Summer camp brings lots of energetic little bodies with sharp eyesight-they do not miss anything! And since I am the go-to-person for bugs, they always come running to me with their prize in tow. This week, we found scads of spiders, daddy-long-legs, dragonfly nymphs, beetles, wasps, crickets, moths and much more. Here are a few of my favorites.
T.J. found this beautiful moth on the bark of a tree. This is a Waved Sphinx Moth, Ceratomia undulosa.
It looked remarkably like a bunny! Who would have thought!
I am not positive who found this next critter. We were on a hike in the woods and I saw a pile of boys huddling around a log, all fixated on a small yellow and black creature. At first glance, I thought it was a wasp and made the boys slide back so they wouldn't get stung. Then I realized it was a borer, a type of beetle. No wonder I thought it was initially a wasp, the beetle's name is Wasp Mimic Beetle, Clytus ruricola. Imitating another more dangerous animal, in actions and color, help keep predators at bay. Another name for this beetle is Round-necked Beetle, for the rounded bulge near its head. The larvae feed on decaying hardwoods, especially maples.
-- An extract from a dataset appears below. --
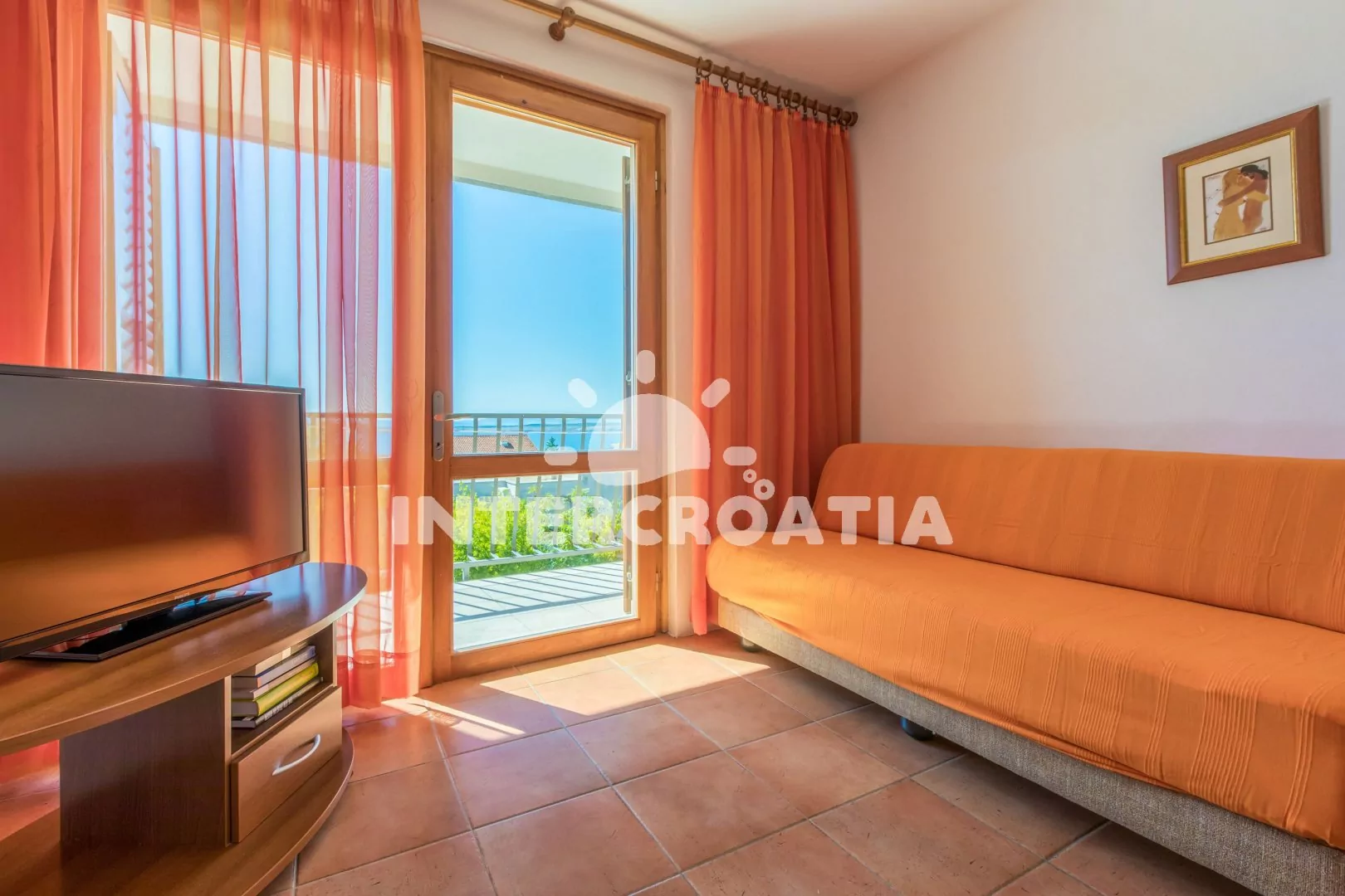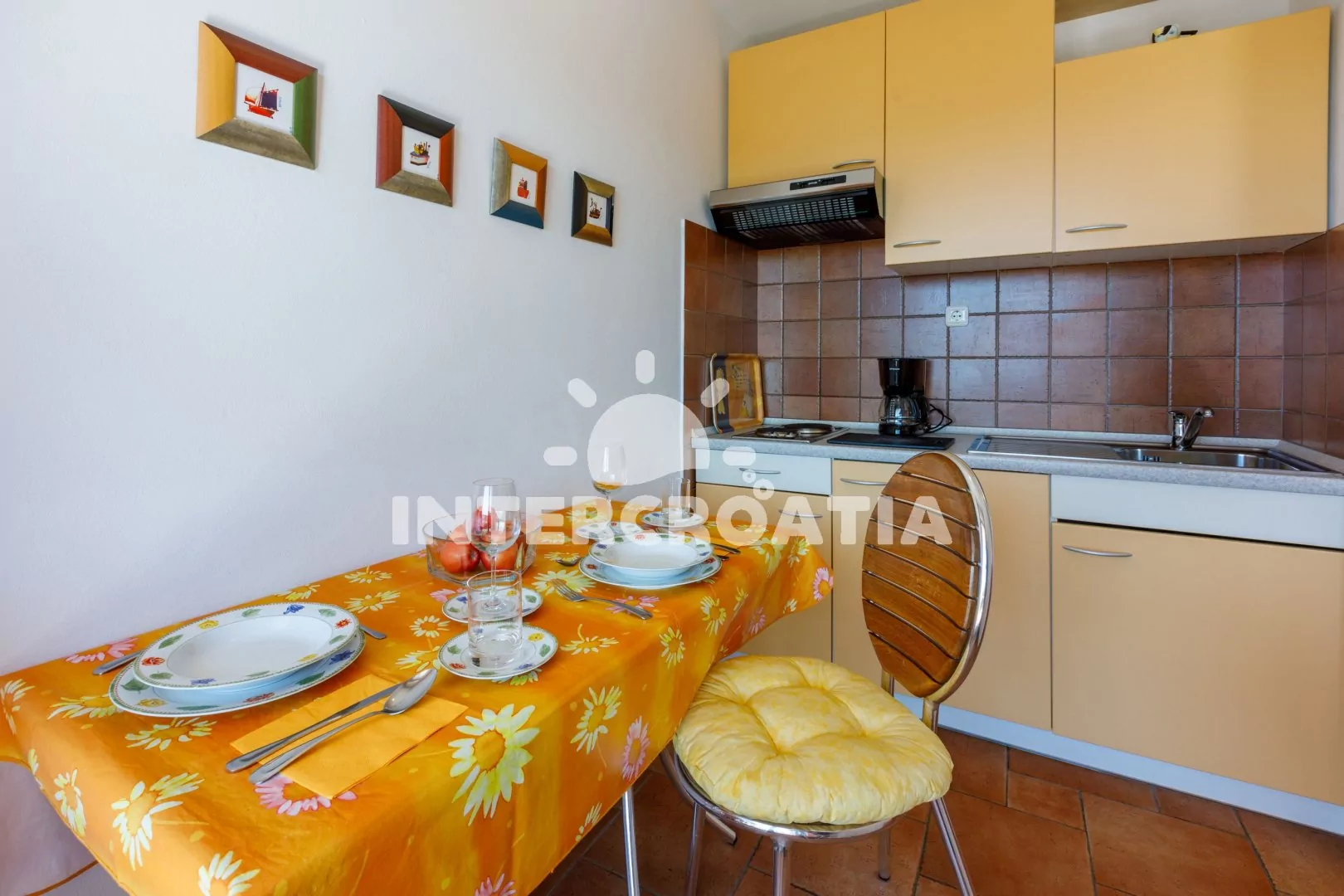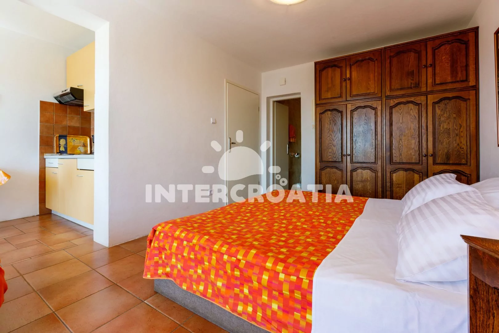 Apartmán typu studio (35 m2) s výhledem na moře, vlastním balkonem, se nachází v 2. patře domu a je vhodný pro 2 až 4 osoby. Obývací místnost je spojena s kuchyní. Kuchyňská linka je vybavena dvouplotýnkovým vařičem, digestoří, rychlovarnou konvicí, kávovarem, nádobím a lednicí s mrazákem. Obývací místnost s jídelním stolem, pohovkou (rozložitelná na extra lůžko pro 2 osoby), jedním dvoulůžkem, televizí se satelitním programem, klimatizací a vstupy na balkon. Koupelna se sprchovým koutem, umyvadlem, bidetem a wc. Hostům je k dispozici parkování u objektu zdarma.
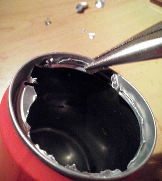 Ahora puede lavar la lata, con un cepillo o simplemente sacudiendo el agua caliente y jabón.

This last bug landed on Linsi's water bottle. A beautiful metallic blue Cuckoo Wasp. Cuckoo Wasps are difficult to key out to species, so I will stick with the genus. I think this is Chrysis sp. Even though this critter is a wasp, I have never had a problem of them. They are never aggressive or try to sting. If they feel threatened, they will curl into a protective ball. Linsi thought it was so cute. But don't be fooled. In the wasp world, they are pretty vicious. Their double life is better than any horror movie. They are cleptoparasites, parasites that lay their eggs in another wasp's nest, stealing their food. The tiny larvae will emerge before the host species's young, then eat its eggs or larvae and the remainding food within the nest. Talk about an appetite!